Lógico, sendo o Presidente da República a “autoridade suprema” das Forças Armadas, compete-lhe decidir sobre a atuação delas. Portanto, para  a garantir o exercício constitucional do Poder Executivo, que está sendo solapado acintosamente por decisões do Judiciário, cabe ao Presidente convocar seus comandados. Basta uma voz de comando máscula, intimorata, para mostrar que nos poderes constitucionais não há dança de cadeiras.

quinta-feira, 4 de junho de 2020


NÃO É BEM ASSIM
João Eichbaum

Esse tal de Covid 19, mais conhecido pelo apelido de coronavirus, tem deixado muita gente com cabeça de lelé de hospício. Os alcaides, que não aguentam meia sindicância por misturar seus dinheiros com os da prefeitura, querem voltar ao tempo em que alcaide era recheado de poder.

Vários deles pariram um monte de regras, enquadrando os contribuintes em parágrafos de decretos e portarias, ameaçando com multas: não pode isso, não pode aquilo, é proibido isso, é proibido aquilo. Como se não bastasse a pandemia, a vida está ficando cada vez pior, com os eles querendo meter a mão no bolso dos cidadãos.

Sem a menor consideração por Santo Arnulfo e seus fiéis devotos, aqueles que não dispensam um traguinho no fim do expediente, antes de irem para a casa aturar a patroa, alcaides há que mandaram fechar os bares! Logo os bares, onde os bebuns choram as mágoas, resolvem os problemas dos seus times e os da pátria, esquecendo os próprios.

Pior. Proibiram as peladas nos fins de semana, a única escapadinha possível para os maridos comprometidos e fiéis, aquela coisa gostosa de correr atrás da bola, dar e levar canelada, festejar o gol de letra, que nenhum profissional consegue fazer... Depois, os proveitos melhores do dia: a cerveja, o churrasco, uns derramando nos ouvidos dos outros as bravuras com bola, essa jogada, aquela jogada, fulano não joga porra nenhuma, et  cetera, et cetera.

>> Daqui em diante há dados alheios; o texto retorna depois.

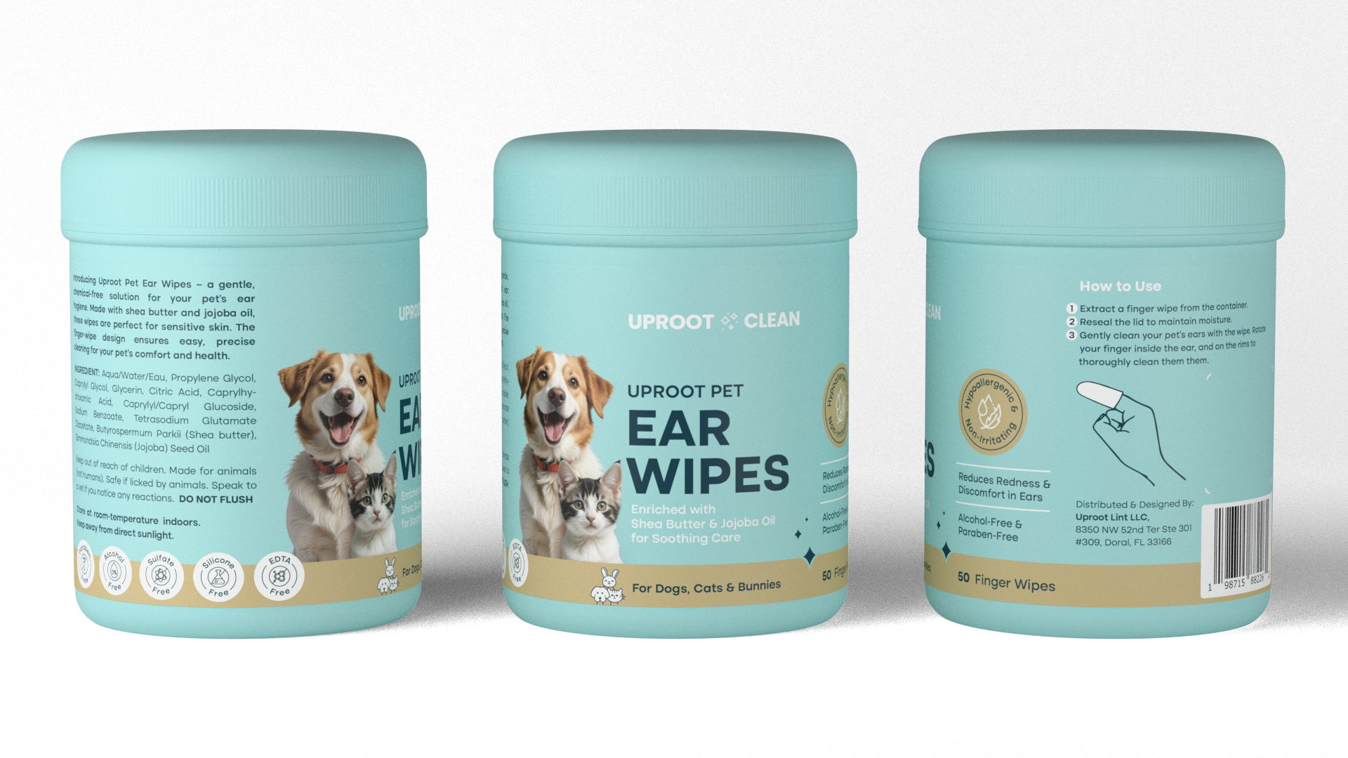 The Uproot Ear Wipes are crafted with safe, pet-friendly ingredients that prioritize health and comfort. Free from harsh chemicals like parabens, alcohol, and silicones, the formula ensures a gentle yet effective clean for sensitive ears. Natural moisturizers like shea butter and jojoba oil nourish and protect delicate skin, preventing irritation or dryness. With a pH-balanced composition and hypoallergenic properties, these wipes maintain the natural integrity of your pet's ears while delivering a clean, fresh feel.
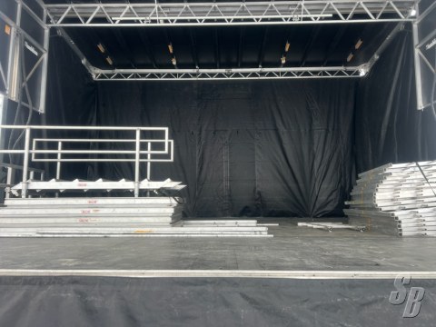 THIS STAGE IS LOADED WITH BANNER KIT, LED WALL, SUPPORTS, EXTRA PA ARMS AND A LOT OF ADDITIONAL FLYING HARDWARE
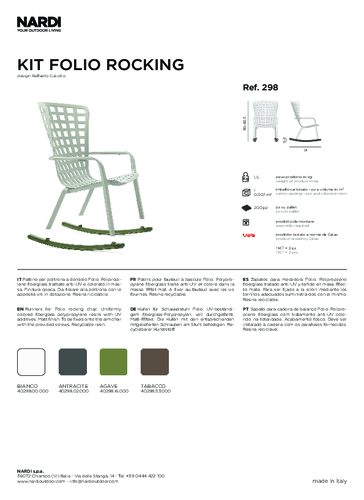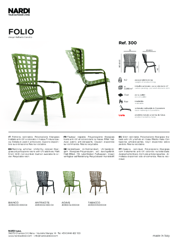 Looking for a designer and comfortable armchair made of sustainable material that you can forget about in the rain? The Folio design armchair by Nardi for outdoor use is made of polypropylene foamed with glass fibre . You can choose from four matt shades. The surface is perforated with a square pattern. The backrest, which is smoothly connected to the lowered seat, can be reclined to two comfortable positions - the controls can be found at the bottom of the armrests. The base is equipped with anti-slip end caps and a rocking model is also available, finished with slats. Stackability makes it easy to store and move the chairs. For even more comfort, we recommend this model with an upholstered finish. You can also buy the functional Folio footstool with the chair.
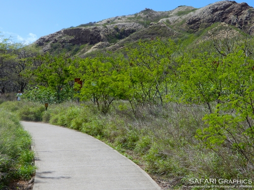 ダイヤモンドヘッドの標高は230m、登山口の標高が61mになるので、その差は169mです。

Não bastasse isso, foram mais longe os alcaides. Expediram uma ordem que, pegando de chanfrada,  evita os pecados contra o nono mandamento. Para quem não se lembra, ou nunca ouviu falar, é aquele de não desejar a mulher do próximo. Pois os alcaides conseguiram o que Deus não conseguiu. Eles mandaram fechar os motéis, gente! Logo os motéis!

Então, olha o que aconteceu: todo o macho da espécie humana virou santo. Todos os machos passaram a ser fiéis esposos, dedicados namorados e namoridos, senhores de uma fidelidade de causar inveja a anjos, querubins e serafins.

Mas,  não é por aí, não. A sociedade, os munícipes, os contribuintes têm direitos maiores que o poder dos alcaides. Não é por decreto que se pode obrigar alguém a andar mascarado. A Constituição Federal, no inc. II do artigo 5º, reza com todas as letras: “ninguém será obrigado a fazer ou a deixar de fazer alguma coisa, senão em virtude de lei”.

As leis municipais, oriundas da Lei Orgânica, devem obediência à Constituição Federal, que preserva direitos fundamentais, como a intimidade e  a vida privada. Para os governos municipais, a Constituição reserva tão somente deveres e atribuições. E o alcaide não é legislador. O órgão legislativo é a Câmara de Vereadores. Dali é que saem as leis.

Decreto só foi lei no tempo do Getúlio. Hoje, para valer, precisa estar atrelado a uma lei. Já pensou, a prefeitura mandando em você, impedindo que você tome seus tragos, vá bater uma bola, ou dê uma esticadinha até o motel para variar o cardápio da quarentena?